Personal information
- Full name: Tural Humbatovich Humbatov
- Date of birth: 24 January 1994 (age 31)
- Place of birth: Saint Petersburg, Russia
- Height: 1.81 m (5 ft 11 in)
- Position: Defender

Youth career
- Zenit

Senior career*
- Years: Team / Apps / (Gls)
- 2013: Nistru / 8 / (0)
- 2014: Araz-Naxçıvan / 4 / (0)
- 2015: Keşla / 1 / (0)
- 2015-2017: Shuvalan / 52 / (2)
- 2017: Pobeda / 7 / (0)
- 2018: Dečić / 2 / (0)

= Tural Humbatov =

Azerbaijani footballer (born 1994)

Tural Humbatovich Humbatov (Турал Гумбатович Гумбатов; Tural Hümbətov; born 24 January 1994) is an Azerbaijani former footballer who is last known to have played as a defender for Dečić.

==Career==

Before the second half of 2012/13, Humbatov signed for Moldovan side Nistru from the youth academy of Zenit, one of Russia's most successful clubs, where he made 8 league appearances and scored 0 goals.

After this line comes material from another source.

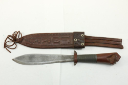 Robert Mole & Sons fighting knife in scabbard wire wrapped wood handle with carved pommel in shape of fist, blade marked "Robert Mole & Sons Birmingham England" with steamer ship in water ser# appearing to read N2B335A, leather scabbard marked "FURRY", reverse marked "2944".

In 2015, Humbatov signed for Shuvalan in Azerbaijan, where he made 52 league appearances and scored 2 goals.

In 2017, he signed for Macedonian team Pobeda after trialing for Rostov in the Russian top flight.

Before the second half of 2017/18, Humbatov signed for Dečić in Montenegro after receiving offers from Slovenia and Greece.